S216. The test code repair device 200 extracts context information based on the location information of the error code.

The context information includes at least one of the following: erroneous test cases, error descriptions, or error content. The error description may include the error type and the location information of the error code. Specifically, the test code repair device 200 can obtain the error content based on the location information of the error code. The error content can be content related to the error code in the compilation or execution information, such as an error record in the compilation or execution information that includes the aforementioned location information. This error record not only records the location information of the error code but may also record the error type (such as exception type) and the method call chain that caused the exception. The test code repair device 200 can also generate an error description based on the compilation or execution information of the test code. Furthermore, the test code repair device 200 obtains the erroneous test cases based on the code file where the error code is located. The test cases may include the test objective, test environment, test input, and expected result.

To provide sufficient contextual information for language models such as LLM, the test code repair device 200 can construct a contextual information set, denoted as "C". "C" includes the erroneous test case T{error}, the error description D{e}, and the error content C_e, as shown below:

C = {T{error}, D{e}, C_{e}}.

S218, Test code repair device 200 constructs a prompt based on context information.

The test code repair device 200 can construct prompts based on context information and a prompt template. The context information can include different types, and the test code repair device 200 can fill the corresponding fields of the prompt template with different pieces of context information to obtain the prompts.

In some examples, the prompt template may include error messages and error information. Error messages indicate that errors exist in the language model test code and need to be fixed. Error information provides information that can be used to fix the erroneous code, such as context information. Error information may include multiple fields, such as test case, error description, and error content. The test code repair device 200 fills the test case field with the erroneous test case T{error} from the context information, fills the error description field with the error type, error code location information, etc., and fills the error content field with the error from the compilation or execution information. This provides clues for error localization and analysis in the language model.
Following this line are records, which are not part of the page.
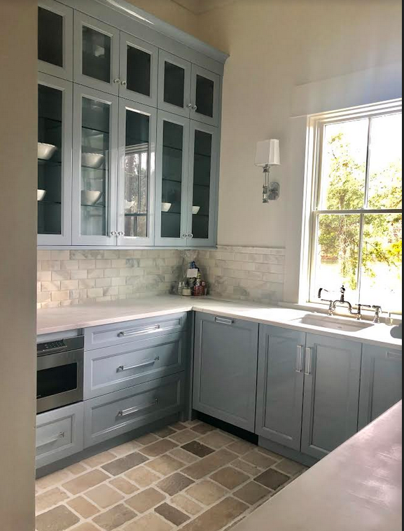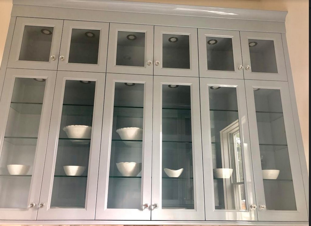 Really love my back kitchen- done in a soft blue lacquer just love this space. Decided on an all white display for the far wall of glass cabinets. Still have plenty more to get but this is a start.
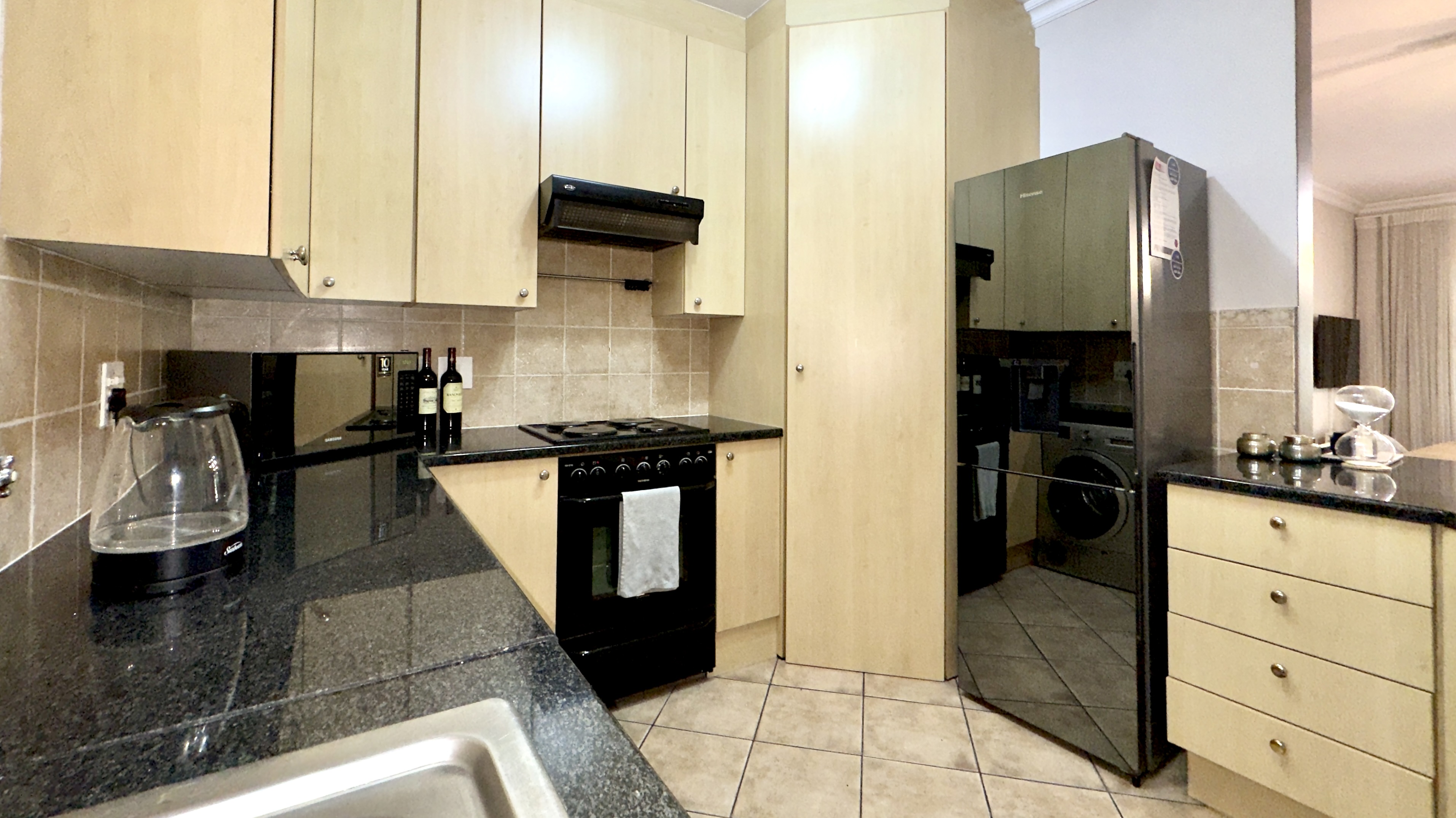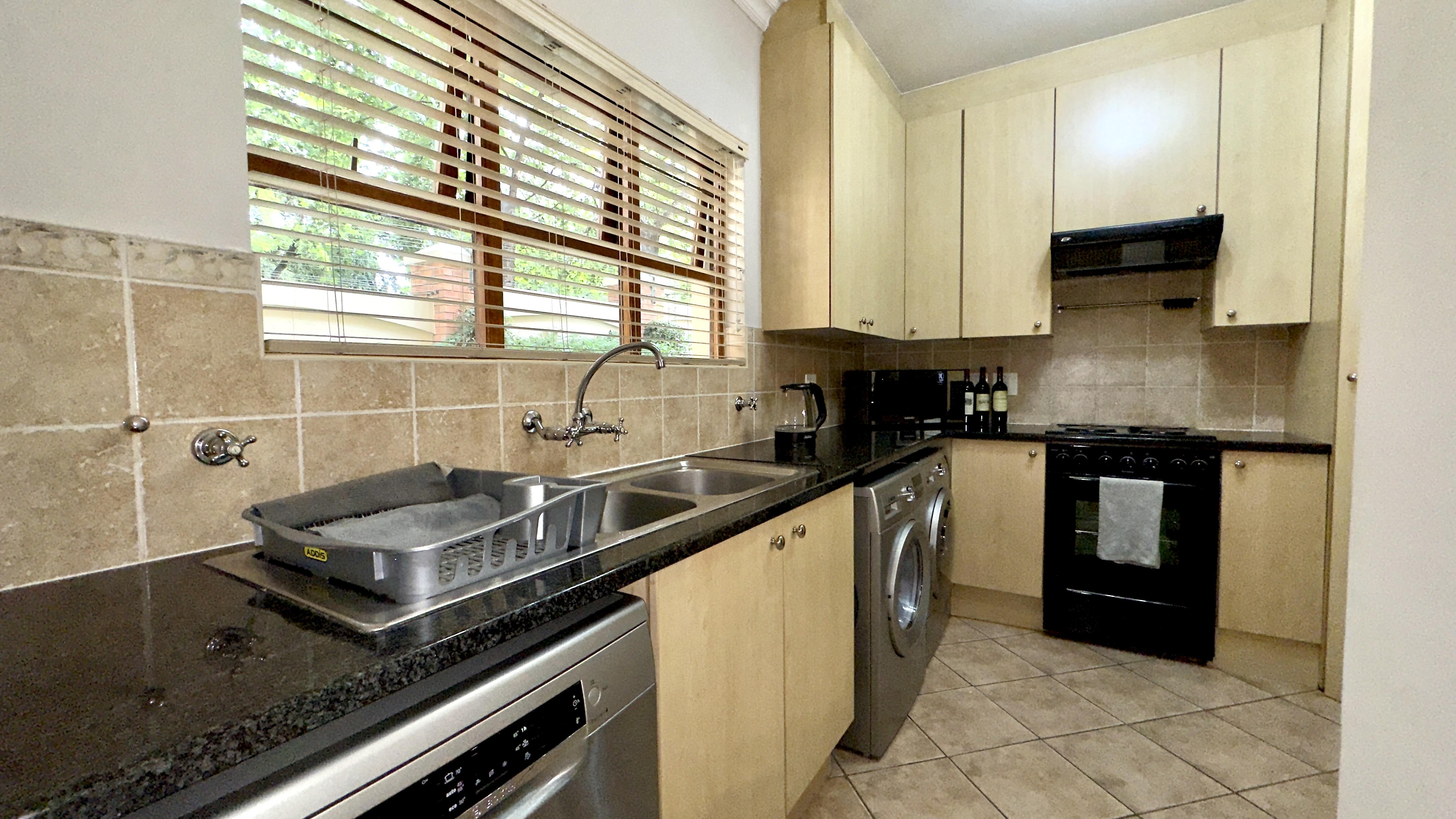 Kitchen fully stocked (crockery, cutlery, pots, pans)
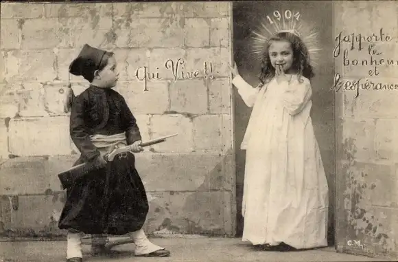Ak Glückwunsch Neujahr, Junge in französischer Uniform, Zuave, Jahreszahl 1904
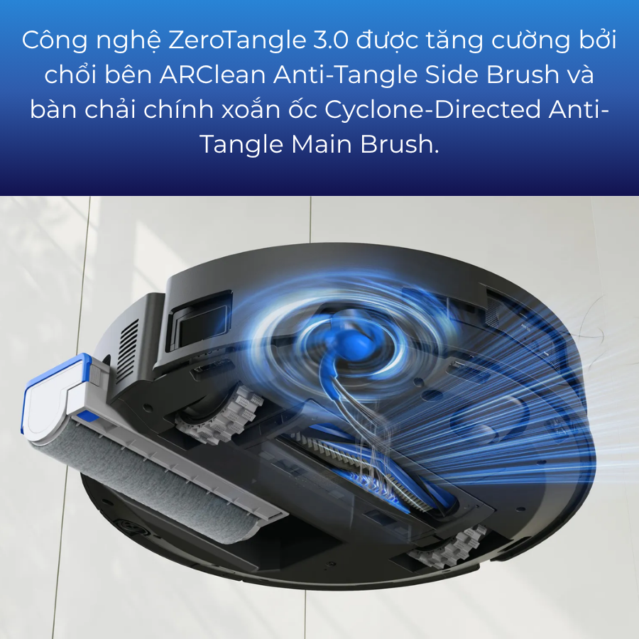 • có Bàn chải bên chống rối ARClean và Bàn chải chính chống rối hướng lốc xoáy
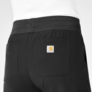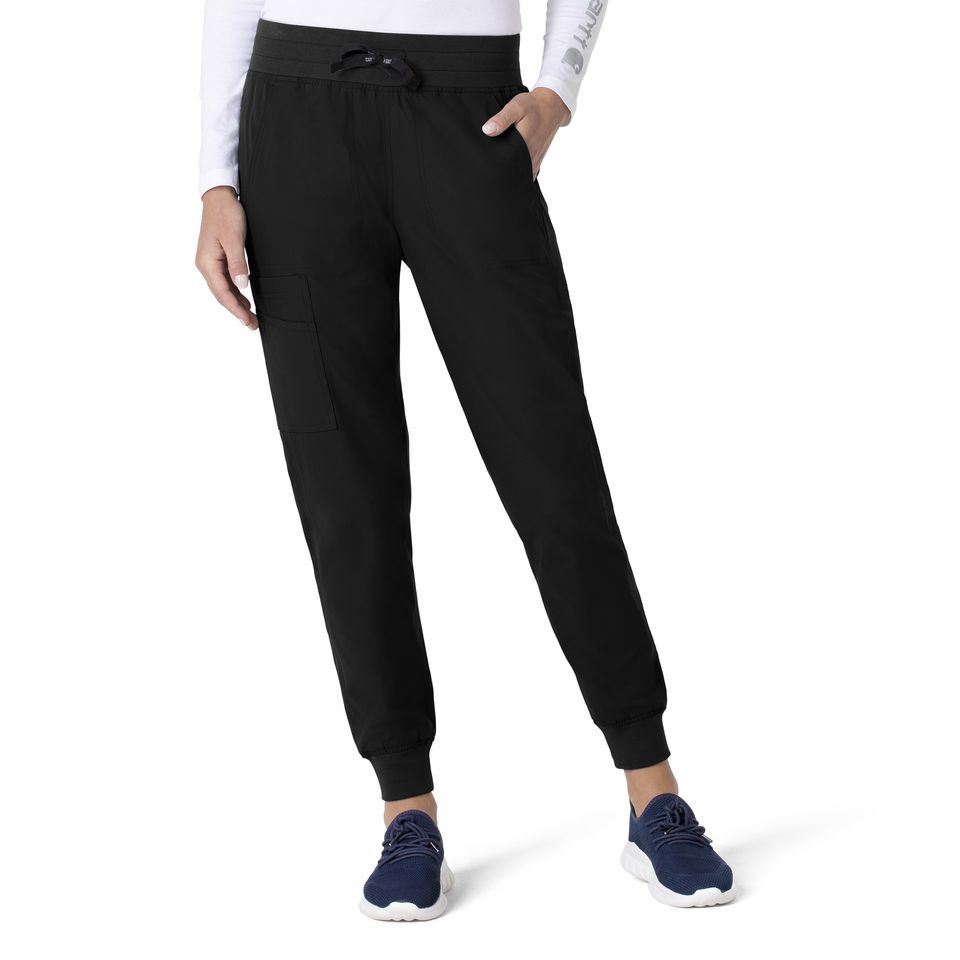 With a rib knit comfort waistband and full drawstring the Carhartt Force Essentials Women’s Jogger Pant is a must have for your medical scrubs uniform. These jogger style women’s scrubs have the classic rib knit jogger cuffs plus shaping darts at the back waist for additional style. You can move with ease in our sustainable recycled polyester fabric that is lightweight, durable, and features the Rugged Flex Stretch Technology for ultimate comfort and stretch. While on the move you can depend on Carhartt Scrubs FastDry fabric that keeps you dry and cool throughout your shift. Keeping all your essentials close at hand is easy thanks to the 7 easy to access pockets, including front, back and cargo pockets as well as a super handy pen tack for your penlight or a couple of extra pens. These jogger pants are sure to be an essential part of your daily wardrobe and you will want to grab one in every color! 50% Recycled Polyester/50% Polyester Womens Drawstring Mid Rise Modern Jogger Rib knit comfort waistband with Carhartt Force branded full drawstring Chic utilitarian functionality with 7 functional pockets, two front slash pockets with an inset connection, two back pockets, and a triple cargo pocket at the wearer's right side with a pen tack to keep pens handy FastDry® technology keeps you cool for all day comfort, built to move with Rugged Flex® stretch technology, Stain Breaker® technology releases stains Rib knit jogger bottom hem, plus darts at the back waist for additional style Lightweight, durable, sustainable and comfortable Ripstop fabric Carhartt Womens Scrub Pant Jogger Carhartt Core C51113 Machine wash cold with like colors on gentle. Tumble dry on low. Promptly remove from dryer. Cool iron if needed. Avoid using bleach or harsh chemicals.
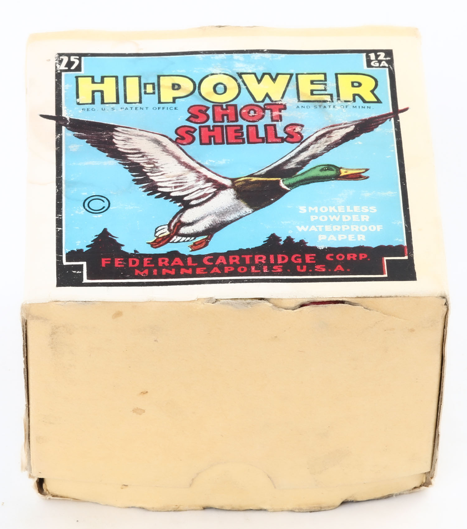 Federal Cart. Co., HI-POWER, 12ga., 2 PIECE!, FULL & SEALED, Loading: Magnum 3''- 1 5/8- 2 Shot, buff box with multi colored label that pictures Mallard in flight, box has seam splits to top & bottom with shell protrusion, box has very minor age soiling. Grade: Excellent - Value: 100 to 400
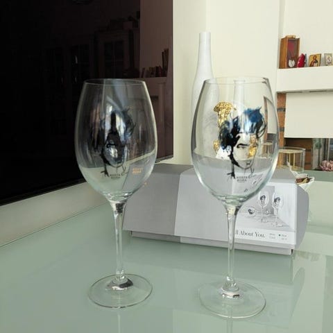 Kosta Boda All About You vinglas i 2-pack. Glasen har motiv av ansikten i svart och lila färg. Tillverkade i glas och avsedda för vin.
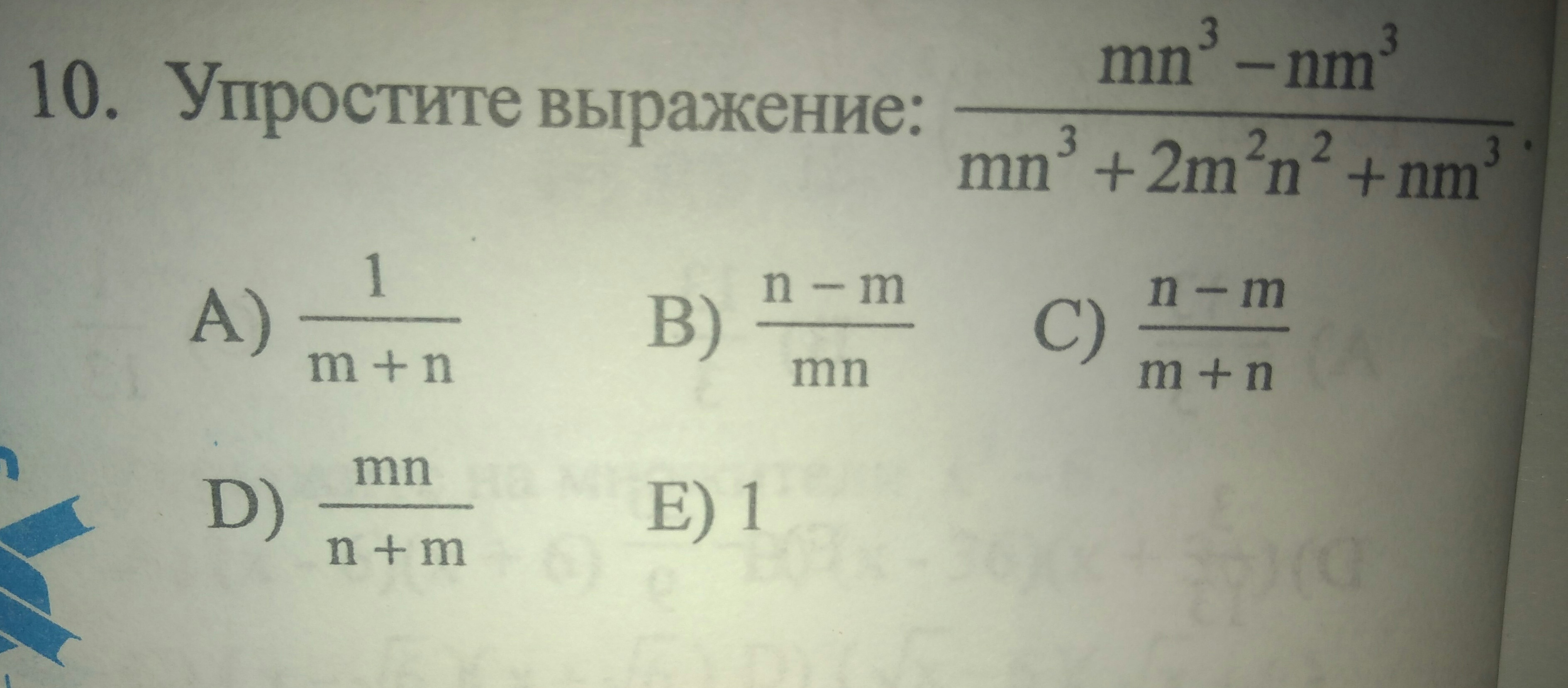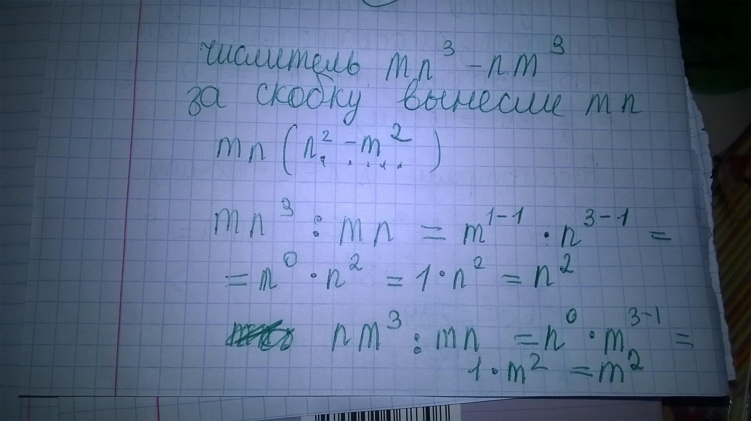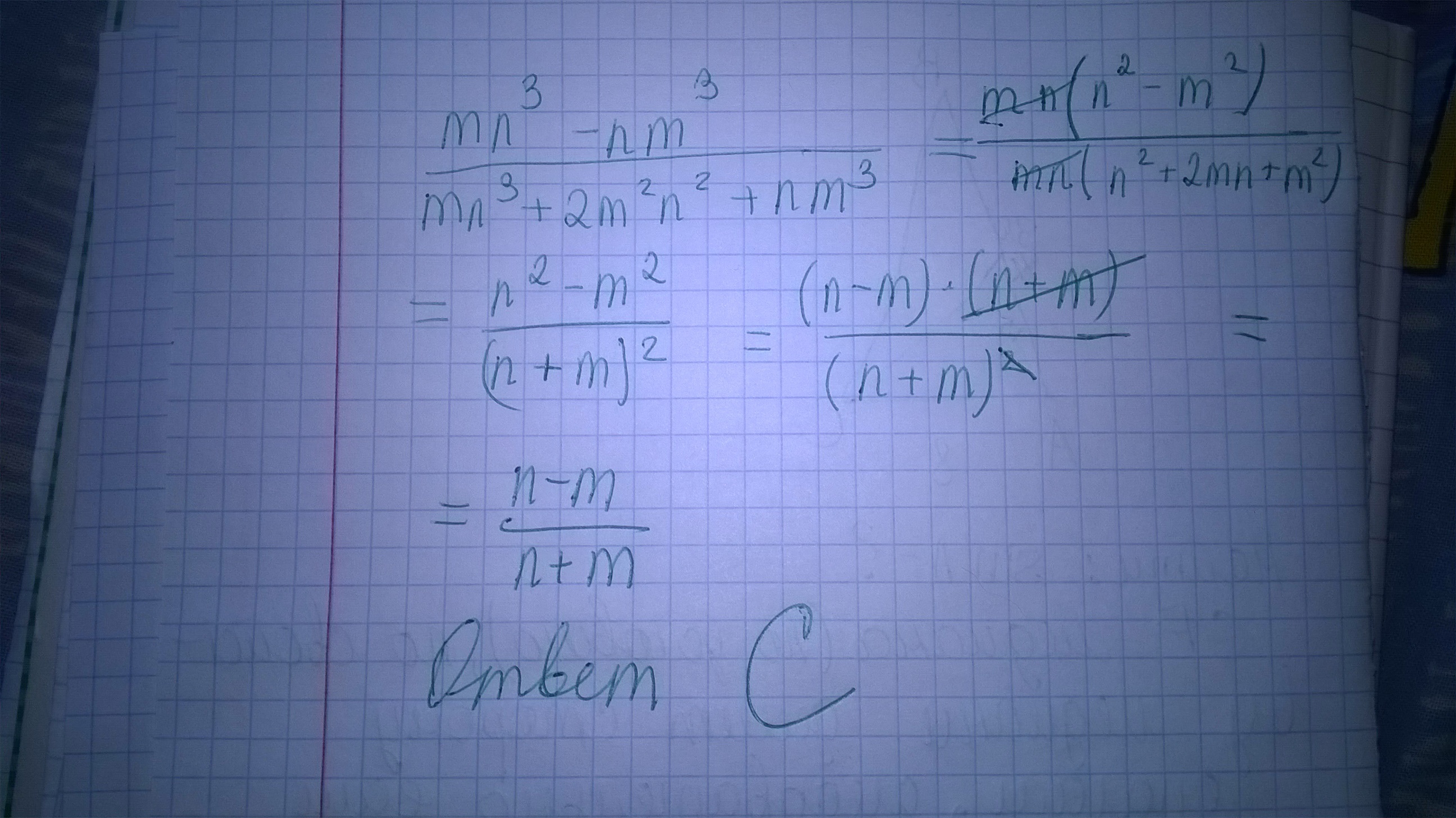 Объяснения: Читаем вслух выражение ,стоящее в числителе mn³-nm³,что два раза прочитали одно и то же? Правильно букву n и m Выбираем в этой строчке (в числителе) буквы с меньшей степенью.Например,есть у нас в числителе есть n³ и n в первой степени,нас интересует n в первой степени.Если в числителе есть m в первой степени и m³,нас интересует меньшая степень и берем m в первой степени.Так вот то ,что прочитали два раза с меньшей степенью выносим за скобку.За скобку выносим mn. Выражение в скобке определяем делением (смотри фото),при деление основание остается прежнем,а показатели степеней вычитаются. ***число или буква в нулевой степени равна 1. В скобке у нас получилось n²-m² В знаменателе проводим такую же операцию за скобку выносим mn,в скобке после деления окажется n²+2mn+m²,а это формула есть такая (а+b)²=a²+2ab+b²,понятно,что наше выражение n²+2mn+m²=(n+m)² Итого:мы получаем в числителе mn*(n²-m²),в знаменателе mn*(n+m)². В числителе и в знаменателе сокращаем одинаковое выражение nm,и у нас остается в числителе (n²-m²),в знаменателе (n+m)². Работаем с числителем Есть такая формула а²-b²=(a-b)*(a+b),ясно,что n²-m²=(n-m)*(n+m) В числителе теперь у нас (n-m)*(n+m),в знаменателе (n+m)² Мы сокращаем (n+m) и (n+m)² Понятно,что (n+m)²=(n+m)*(n+m) Итак,получается (n-m)* (n+m)/(n+m)*(n+m) В числителе и знаменателе сокращаем одинаковое выражение n-m,так как (n-m):(n-m)=1,это как при деление одинаковых чисел например 5:5=1. После сокращения остается n-m/n+m ♦ Ответ С

In some possible implementations, the prompt template may also include a fix requirement field. The fix requirement field is used to populate a fix requirement for the test code that caused the error. For example, the fix requirement could be to require the language model (such as LLM) to modify the test code and output the complete test code as a code block. Figure 5 shows a schematic diagram of a prompt template. As shown in Figure 5, test template 500 can include error prompt 502, error message 504, and fix requirement 506. Error prompt 502 is used to indicate that the test code has generated an error. In some examples, error prompt 502 can also indicate the error type. In the example in Figure 5, error prompt 502 could be “There may be assertion errors./Your unit test has encountered an error,” where “There may be assertion errors” indicates that there may be assertion errors (assertion failure), and “Your unit test has encountered an error” indicates that the unit test code may have an error. The error type “assertion” in error prompt 502 can be filled in based on context information. Error message 504 can include a padding description and a region to be filled (as shown in "{error_message}" in section 5). The padding description indicates the location to fill in the error message, and the region to be filled can be filled with context information. Repair request 506 can be "Modify your test code accordingly and output completed test code in a code cell," indicating a request for the language model to repair the test code and output the complete test code as a code block.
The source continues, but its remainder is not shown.